▶ **Extracted records**
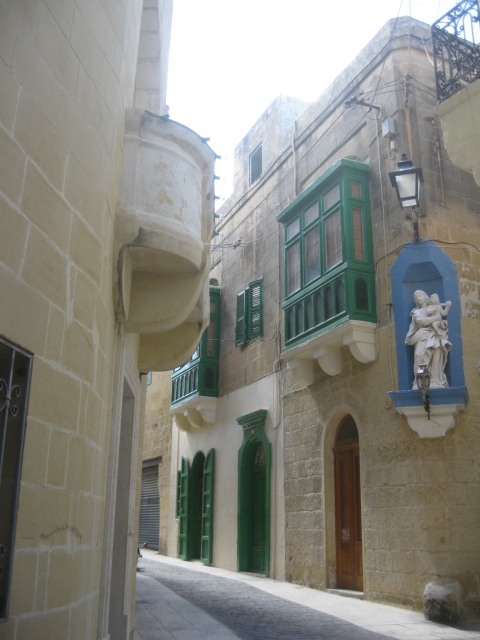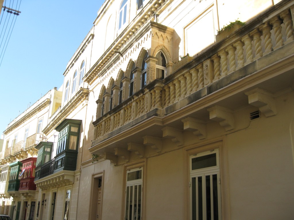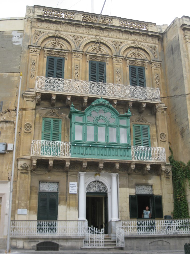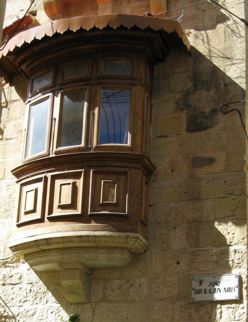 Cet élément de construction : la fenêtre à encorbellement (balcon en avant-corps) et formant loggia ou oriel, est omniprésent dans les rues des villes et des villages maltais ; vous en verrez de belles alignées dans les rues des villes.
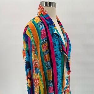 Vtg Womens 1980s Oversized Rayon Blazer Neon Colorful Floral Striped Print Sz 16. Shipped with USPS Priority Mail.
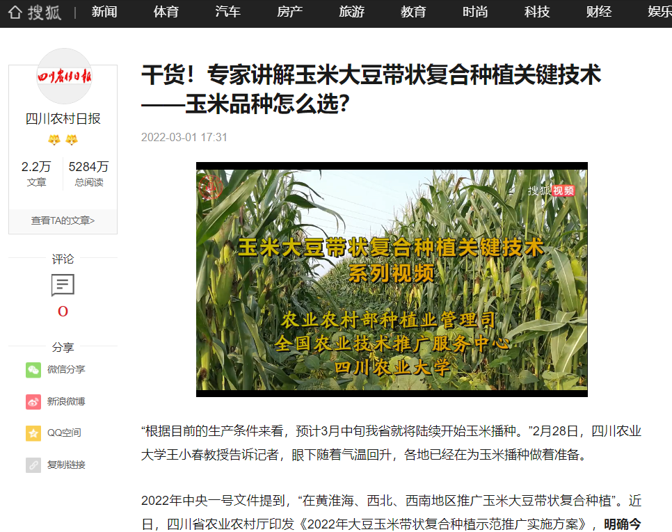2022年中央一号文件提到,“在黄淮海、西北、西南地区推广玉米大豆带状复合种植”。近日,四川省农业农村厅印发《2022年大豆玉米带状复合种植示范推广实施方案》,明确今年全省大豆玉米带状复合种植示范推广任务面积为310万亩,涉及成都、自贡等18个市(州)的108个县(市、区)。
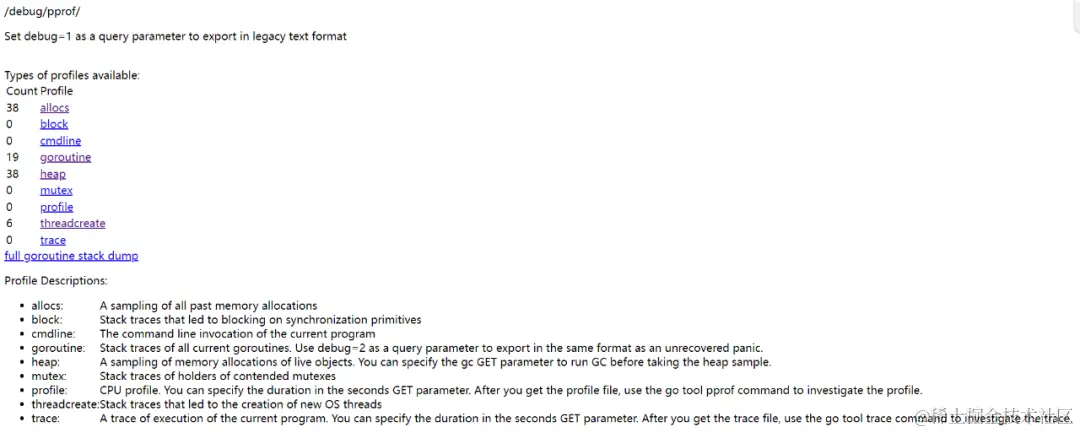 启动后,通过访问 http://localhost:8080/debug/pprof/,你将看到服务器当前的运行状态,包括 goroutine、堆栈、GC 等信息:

...

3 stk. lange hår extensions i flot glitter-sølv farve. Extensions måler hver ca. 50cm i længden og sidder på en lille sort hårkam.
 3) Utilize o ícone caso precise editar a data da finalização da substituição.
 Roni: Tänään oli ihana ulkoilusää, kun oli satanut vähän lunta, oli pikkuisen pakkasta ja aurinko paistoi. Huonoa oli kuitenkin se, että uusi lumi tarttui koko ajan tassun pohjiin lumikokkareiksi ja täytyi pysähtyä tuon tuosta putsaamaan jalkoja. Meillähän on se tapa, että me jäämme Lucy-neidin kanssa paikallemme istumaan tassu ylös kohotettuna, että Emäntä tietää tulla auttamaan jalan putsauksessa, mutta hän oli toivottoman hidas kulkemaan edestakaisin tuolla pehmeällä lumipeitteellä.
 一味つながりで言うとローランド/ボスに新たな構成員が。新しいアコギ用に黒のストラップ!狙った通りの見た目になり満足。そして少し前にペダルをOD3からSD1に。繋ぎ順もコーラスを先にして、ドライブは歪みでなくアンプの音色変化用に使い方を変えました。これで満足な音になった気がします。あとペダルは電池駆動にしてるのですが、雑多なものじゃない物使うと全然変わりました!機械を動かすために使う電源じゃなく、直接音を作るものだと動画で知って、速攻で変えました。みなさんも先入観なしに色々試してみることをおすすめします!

==

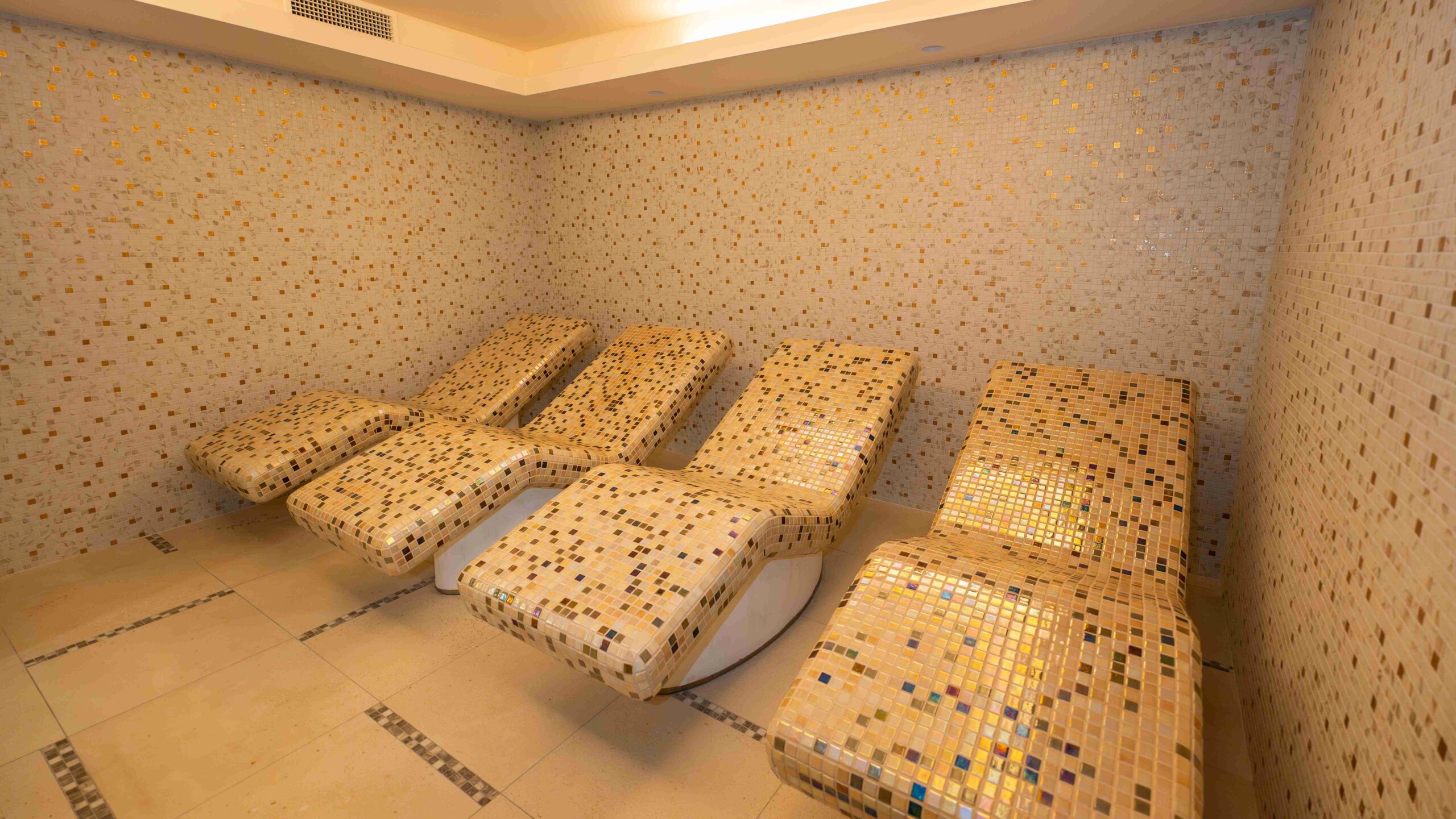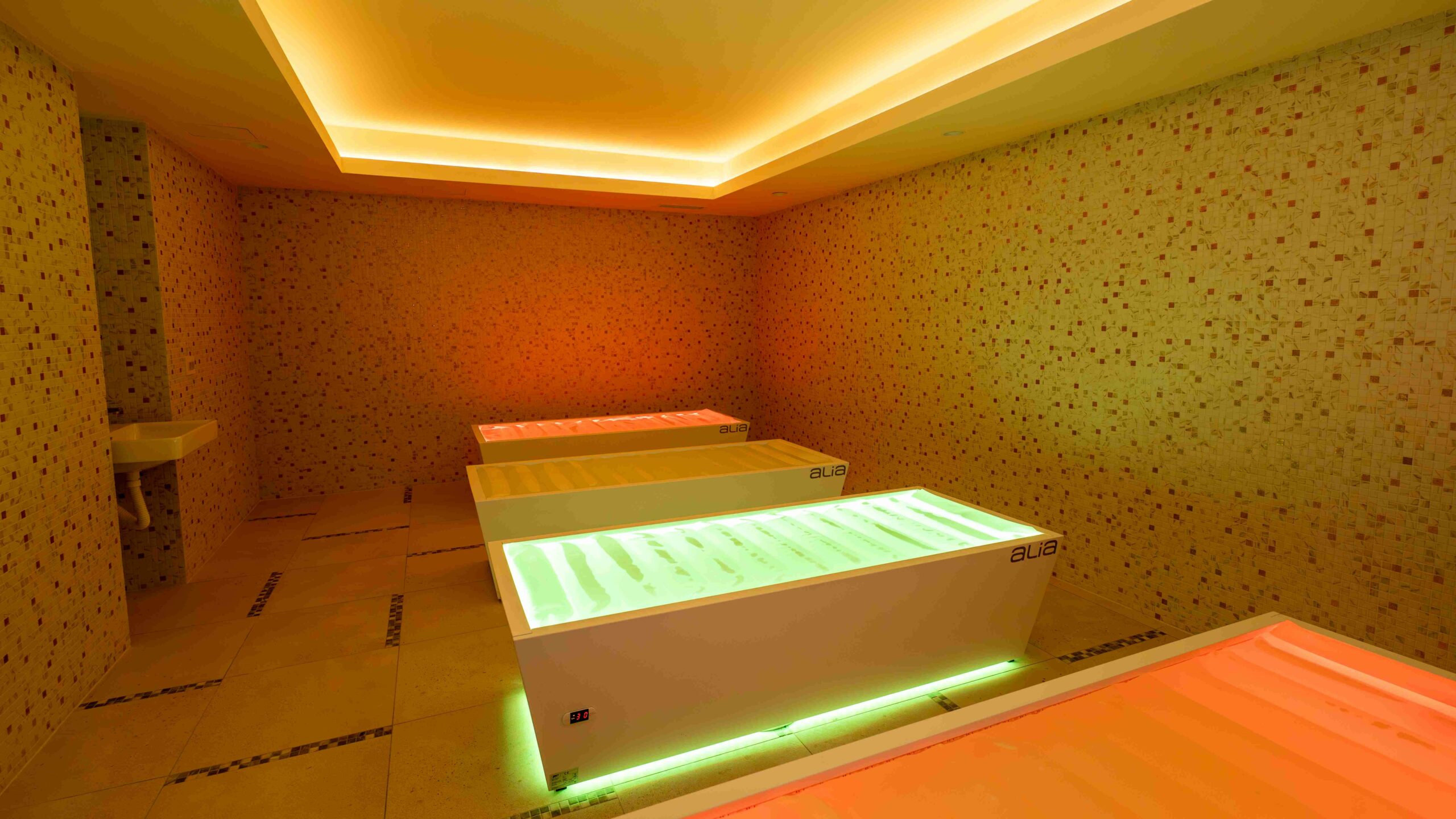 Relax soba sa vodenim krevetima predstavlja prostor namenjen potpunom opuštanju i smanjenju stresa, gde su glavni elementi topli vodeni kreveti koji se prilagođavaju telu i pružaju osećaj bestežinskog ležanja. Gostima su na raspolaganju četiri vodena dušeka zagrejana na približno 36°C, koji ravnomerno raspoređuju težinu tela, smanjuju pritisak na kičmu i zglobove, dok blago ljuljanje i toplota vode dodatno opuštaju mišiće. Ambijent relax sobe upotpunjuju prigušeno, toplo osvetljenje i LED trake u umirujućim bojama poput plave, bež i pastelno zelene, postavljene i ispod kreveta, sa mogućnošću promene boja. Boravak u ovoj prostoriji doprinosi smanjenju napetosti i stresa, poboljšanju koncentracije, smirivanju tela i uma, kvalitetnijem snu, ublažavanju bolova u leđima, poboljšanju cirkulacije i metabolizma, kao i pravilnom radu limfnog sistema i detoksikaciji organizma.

▶ **Problem statement**
Going down the listing above, begin printing at the line with "3 stk. lange" and finish with the line with "3) Utilize o", exactly as they appear.

▶ **Task answer**
3 stk. lange hår extensions i flot glitter-sølv farve. Extensions måler hver ca. 50cm i længden og sidder på en lille sort hårkam.
 3) Utilize o ícone caso precise editar a data da finalização da substituição.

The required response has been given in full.